Output each record below exactly as it stands, leaving out the pictures.

START EXTRACTED ENTRIES

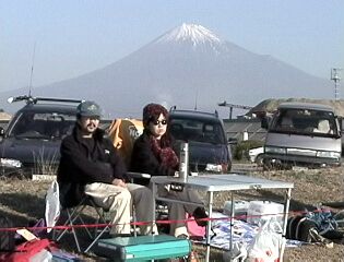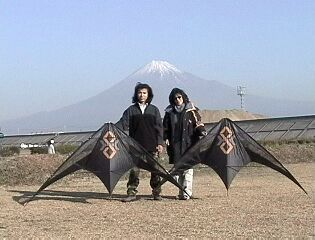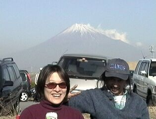 | 記念撮影です。 「カイトを使ってるよーっ」とEメールでPizazz Kiteworksに画像を送ろうかな。 バックはなんといってもMt.Fujiですね。
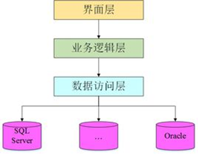 再后来的项目开始有了一点点改变,这个时候的架构,被成为“三层架构“。在.NET开发史上,三层架构成为一种历史悠久的框架,从十年前开始,一直到今天,依然是.NET开发者最为熟练的技术框架。如图所示,三层架构在客户端和数据库之间增加了一个中间层,将有效的业务规则、数据访问等放在业务层中进行处理。界面层主要使用对数据的绑定渲染,再通过数据层实现数据的提交处理。有的开发者说,三层架构通吃一切项目,似乎所有的项目都可以用三层架构来套用。然而在实际工作中,往往会忽略了业务逻辑层,业务逻辑往往会放在界面层或数据层中,最终导致界面层和数据层充斥着臃肿的代码,令人难以维护。
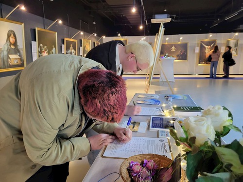 आगंतुकों ने बीजिंग से फालुन गोंग के उत्पीड़न को समाप्त करने की मांग करते हुए याचिका पर हस्ताक्षर किए।
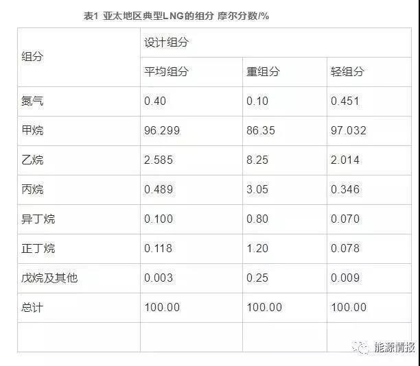 目前LNG接收站主要從東南亞地區(qū)、中東地區(qū)或者澳大利亞地區(qū)進口,亞太地區(qū)LNG氣源的組成和特性如表 1 所示。
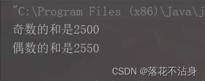 public class Demo07 {public static void main(String[] args) {//计算0到100之间奇数和偶数的和int addSum = 0; //奇数int evenSum = 0; //偶数 for (int i = 0; i <= 100; i++) {if (i%2!=0){addSum +=i;}else {evenSum +=i;}}System.out.println("奇数的和是"+addSum);System.out.println("偶数的和是"+evenSum);} }
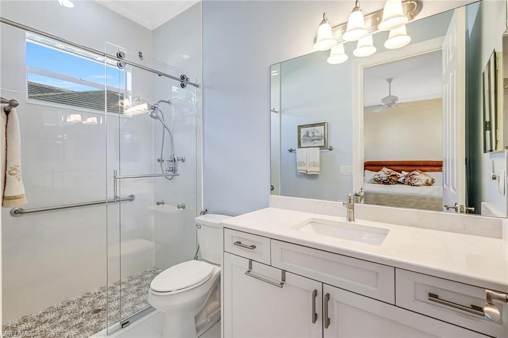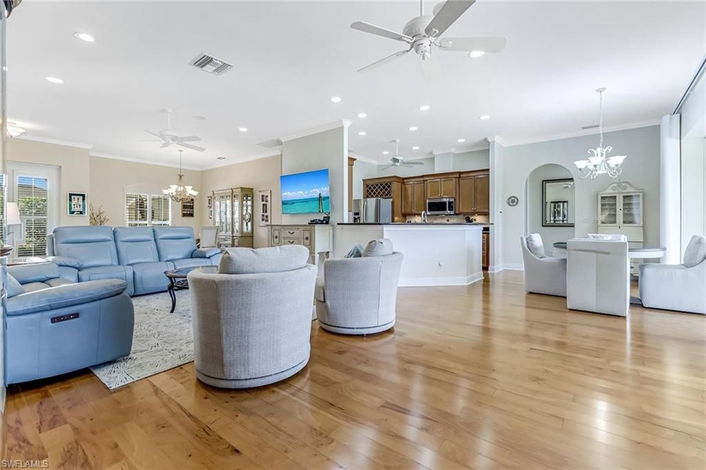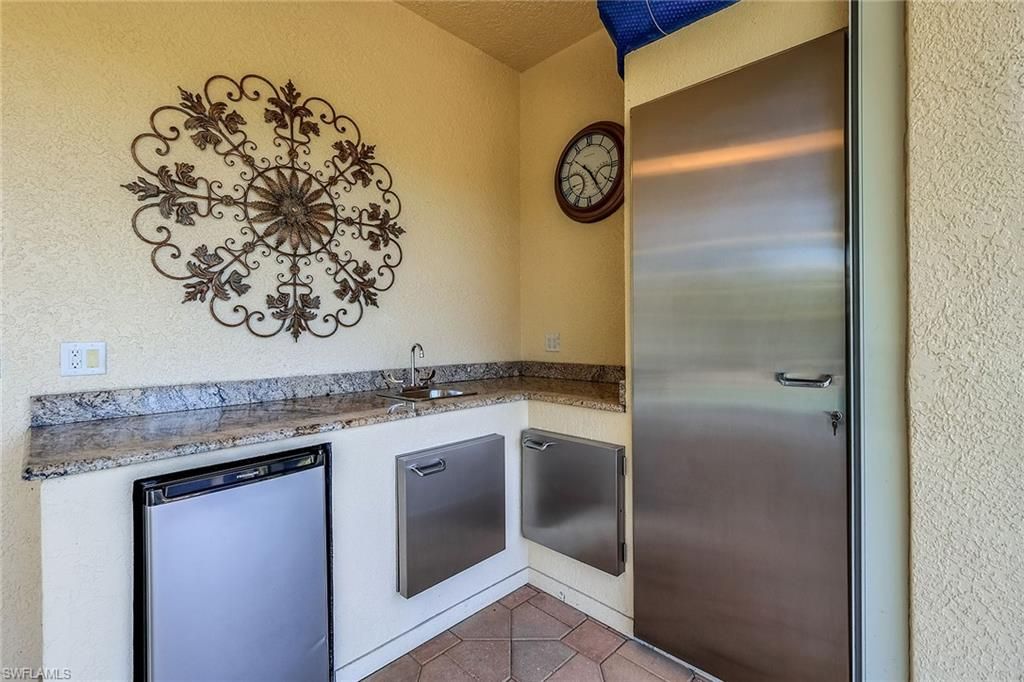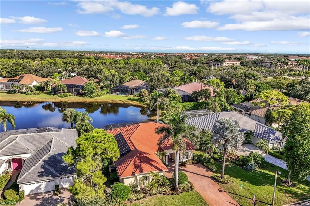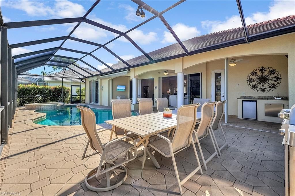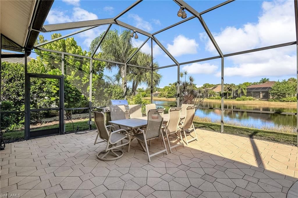 Sweeping lake and pool views define the experience at this refined Pelican Landing residence. With water vistas framed through wide sliding doors, the great room opens directly to a screened lanai with an outdoor kitchen. The pool and spa are heated by both solar and electric systems, offering year-round comfort. A dedicated gas line is installed for the built-in grill—conveyed with the sale—and connected to a 250-gallon propane tank. The outdoor area is ideal for entertaining in a private, lakeside setting.Designed for flexibility, the residence includes four bedrooms and three baths. One bedroom has been transformed into a custom-built office with dual workstations and bay windows that welcome abundant natural light. Engineered wood flooring flows throughout, complementing a recently completed full interior repaint. Two guest baths have been fully remodeled with stylish finishes, including one with en-suite access. The primary bath is thoughtfully designed for comfort and function.A dedicated generator provides backup power to the garage, kitchen, primary suite and office. The oversized two-and-a-half-car garage includes a water purifying system and central vacuum.Located in a gated, amenity-rich community, residents enjoy access to a private beach park with complimentary boat shuttle, tennis and pickleball courts, a fully equipped fitness center, kayak and canoe launch, butterfly garden, sailing club and miles of nature trails. This home combines waterfront serenity with a premier Southwest Florida lifestyle.
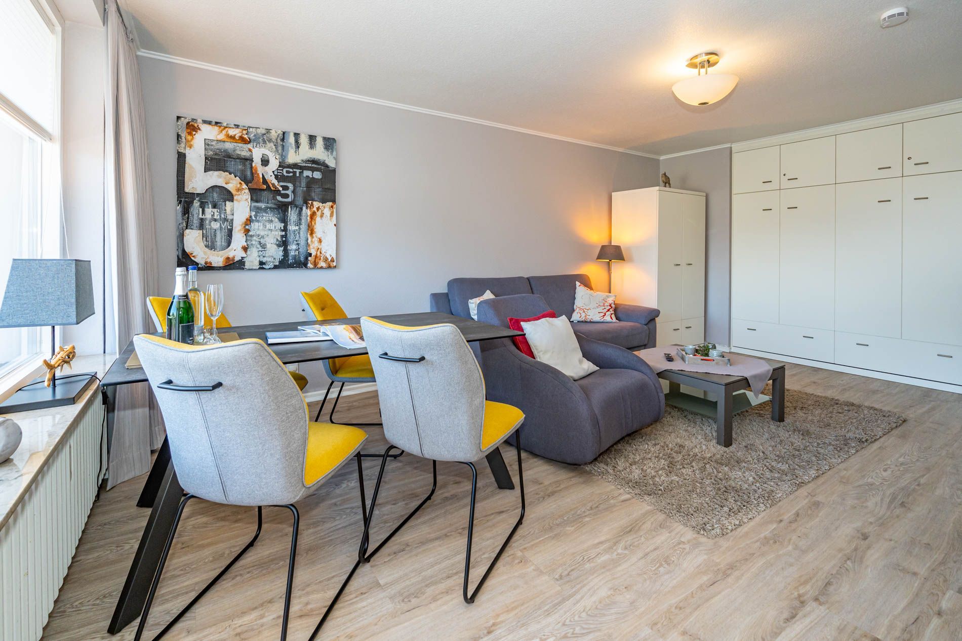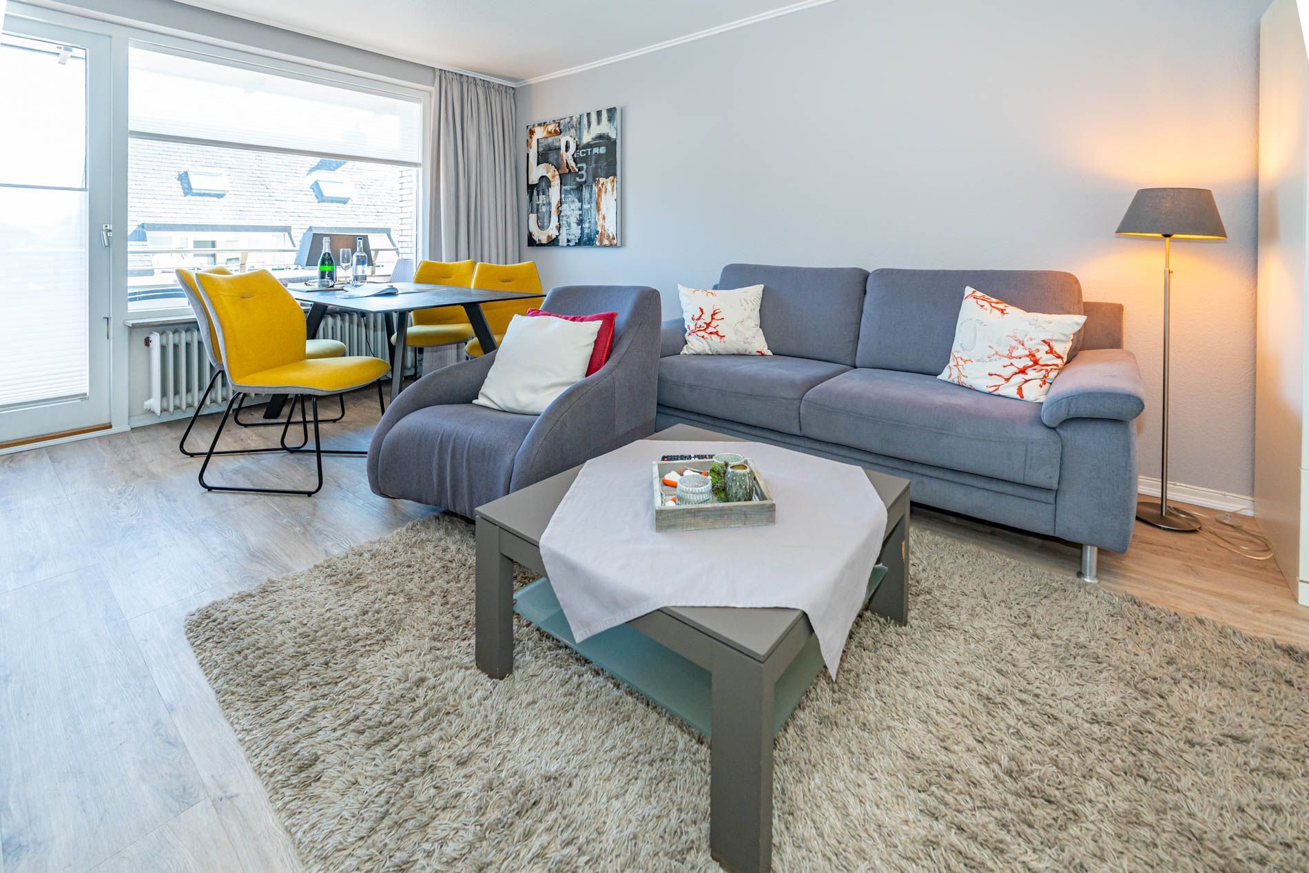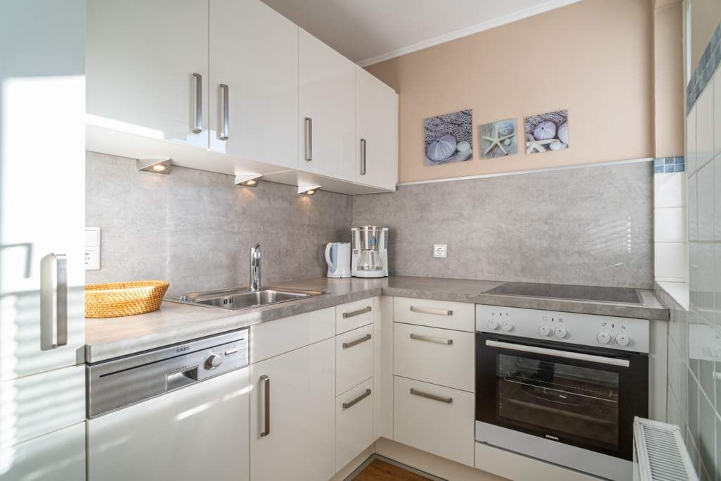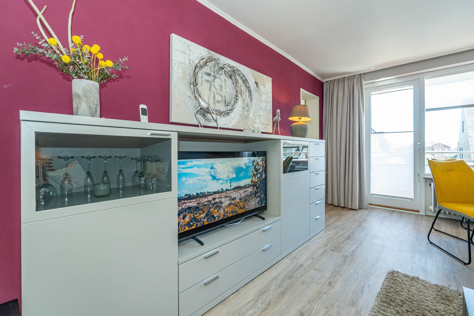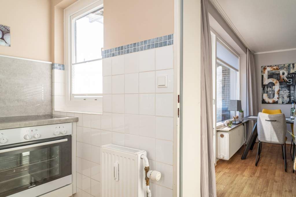 Diese moderne 2-Zimmer-Nichtraucher-Ferienwohnung (ca. 58 qm) in der 2. Etage bietet komfortablen Wohnraum für bis zu 4 Personen. Im Schlafzimmer erwartet Sie ein gemütliches Doppelbett, bestehend aus zwei Einzelmatratzen (je 0,90 x 2,00 m), ergänzt durch stilvolle Nachttische und einen eleganten Sessel in Loom-Ausführung. Das Wohnzimmer überzeugt mit Doppelschrankbetten (je mit Einzelmatratzen von 1,70 x 0,90 m), einem Sat-Flachbild-TV, Telefon und WLAN ideal für flexible Schlafmöglichkeiten und entspannte Abende. Die offene Küche, die ohne trennende Tür direkt in den Wohnbereich integriert ist und über ein Fenster verfügt, lässt keine Wünsche offen: Ausgestattet mit Backofen, Cerankochfeld, Kühlschrank mit Eisfach, Geschirrspüler, Kaffeemaschine, Wasserkocher und Toaster, bietet sie alles, was Sie für die Zubereitung Ihrer Lieblingsgerichte benötigen. Das moderne Duschbad/WC rundet das Raumkonzept ab.
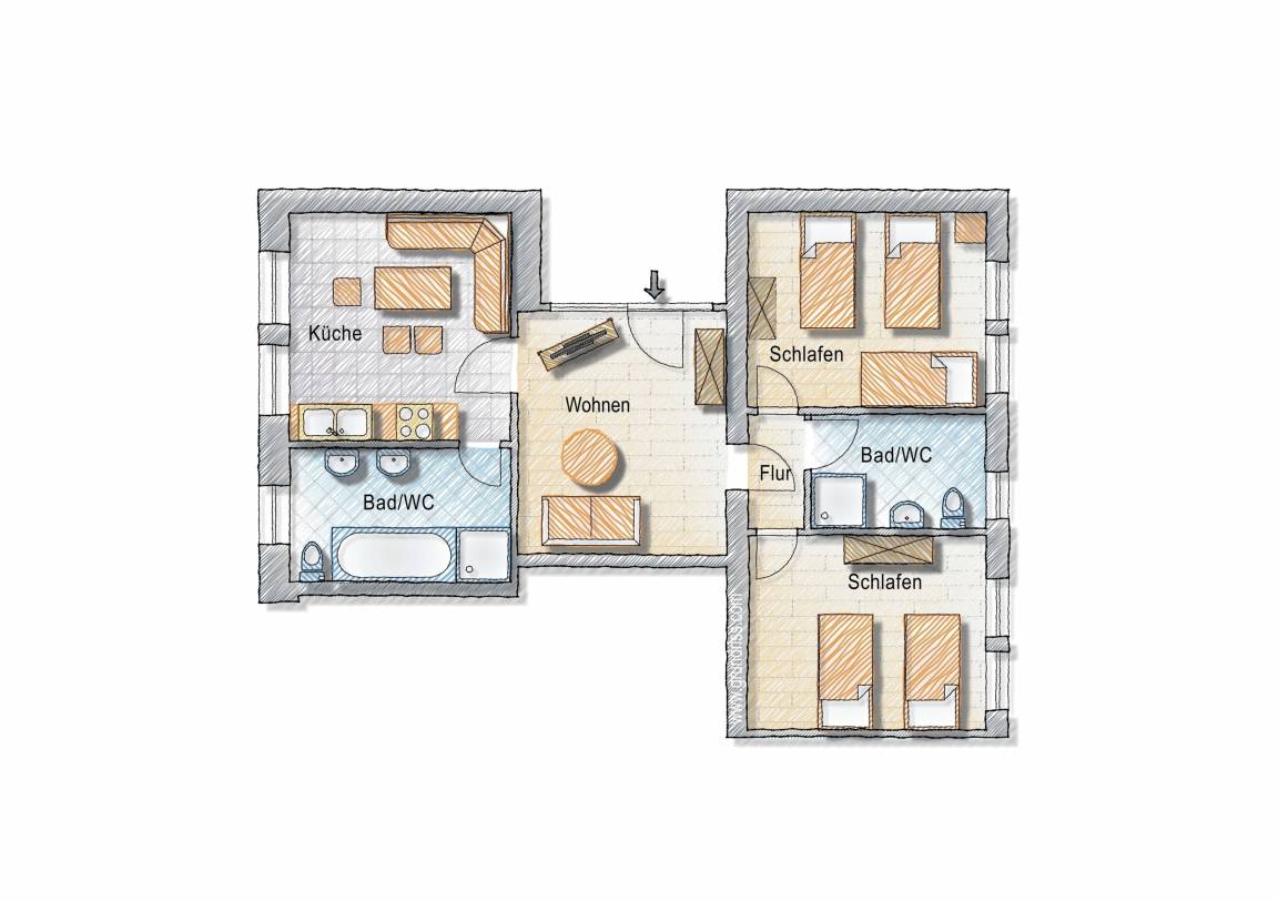 70 m² Ferienwohnung ∙ 2 Schlafzimmer ∙ 6 Gäste
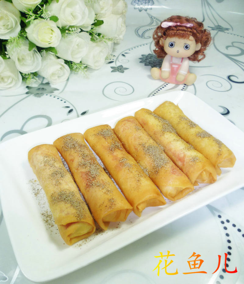 1:材料:春卷皮、蟹肉棒(已撕去包装)

END EXTRACTED ENTRIES

TASK RESULT =>
 | 記念撮影です。 「カイトを使ってるよーっ」とEメールでPizazz Kiteworksに画像を送ろうかな。 バックはなんといってもMt.Fujiですね。
 再后来的项目开始有了一点点改变,这个时候的架构,被成为“三层架构“。在.NET开发史上,三层架构成为一种历史悠久的框架,从十年前开始,一直到今天,依然是.NET开发者最为熟练的技术框架。如图所示,三层架构在客户端和数据库之间增加了一个中间层,将有效的业务规则、数据访问等放在业务层中进行处理。界面层主要使用对数据的绑定渲染,再通过数据层实现数据的提交处理。有的开发者说,三层架构通吃一切项目,似乎所有的项目都可以用三层架构来套用。然而在实际工作中,往往会忽略了业务逻辑层,业务逻辑往往会放在界面层或数据层中,最终导致界面层和数据层充斥着臃肿的代码,令人难以维护。
 आगंतुकों ने बीजिंग से फालुन गोंग के उत्पीड़न को समाप्त करने की मांग करते हुए याचिका पर हस्ताक्षर किए।
 目前LNG接收站主要從東南亞地區(qū)、中東地區(qū)或者澳大利亞地區(qū)進口,亞太地區(qū)LNG氣源的組成和特性如表 1 所示。
 public class Demo07 {public static void main(String[] args) {//计算0到100之间奇数和偶数的和int addSum = 0; //奇数int evenSum = 0; //偶数 for (int i = 0; i <= 100; i++) {if (i%2!=0){addSum +=i;}else {evenSum +=i;}}System.out.println("奇数的和是"+addSum);System.out.println("偶数的和是"+evenSum);} }
 Sweeping lake and pool views define the experience at this refined Pelican Landing residence. With water vistas framed through wide sliding doors, the great room opens directly to a screened lanai with an outdoor kitchen. The pool and spa are heated by both solar and electric systems, offering year-round comfort. A dedicated gas line is installed for the built-in grill—conveyed with the sale—and connected to a 250-gallon propane tank. The outdoor area is ideal for entertaining in a private, lakeside setting.Designed for flexibility, the residence includes four bedrooms and three baths. One bedroom has been transformed into a custom-built office with dual workstations and bay windows that welcome abundant natural light. Engineered wood flooring flows throughout, complementing a recently completed full interior repaint. Two guest baths have been fully remodeled with stylish finishes, including one with en-suite access. The primary bath is thoughtfully designed for comfort and function.A dedicated generator provides backup power to the garage, kitchen, primary suite and office. The oversized two-and-a-half-car garage includes a water purifying system and central vacuum.Located in a gated, amenity-rich community, residents enjoy access to a private beach park with complimentary boat shuttle, tennis and pickleball courts, a fully equipped fitness center, kayak and canoe launch, butterfly garden, sailing club and miles of nature trails. This home combines waterfront serenity with a premier Southwest Florida lifestyle.
 Diese moderne 2-Zimmer-Nichtraucher-Ferienwohnung (ca. 58 qm) in der 2. Etage bietet komfortablen Wohnraum für bis zu 4 Personen. Im Schlafzimmer erwartet Sie ein gemütliches Doppelbett, bestehend aus zwei Einzelmatratzen (je 0,90 x 2,00 m), ergänzt durch stilvolle Nachttische und einen eleganten Sessel in Loom-Ausführung. Das Wohnzimmer überzeugt mit Doppelschrankbetten (je mit Einzelmatratzen von 1,70 x 0,90 m), einem Sat-Flachbild-TV, Telefon und WLAN ideal für flexible Schlafmöglichkeiten und entspannte Abende. Die offene Küche, die ohne trennende Tür direkt in den Wohnbereich integriert ist und über ein Fenster verfügt, lässt keine Wünsche offen: Ausgestattet mit Backofen, Cerankochfeld, Kühlschrank mit Eisfach, Geschirrspüler, Kaffeemaschine, Wasserkocher und Toaster, bietet sie alles, was Sie für die Zubereitung Ihrer Lieblingsgerichte benötigen. Das moderne Duschbad/WC rundet das Raumkonzept ab.
 70 m² Ferienwohnung ∙ 2 Schlafzimmer ∙ 6 Gäste
 1:材料:春卷皮、蟹肉棒(已撕去包装)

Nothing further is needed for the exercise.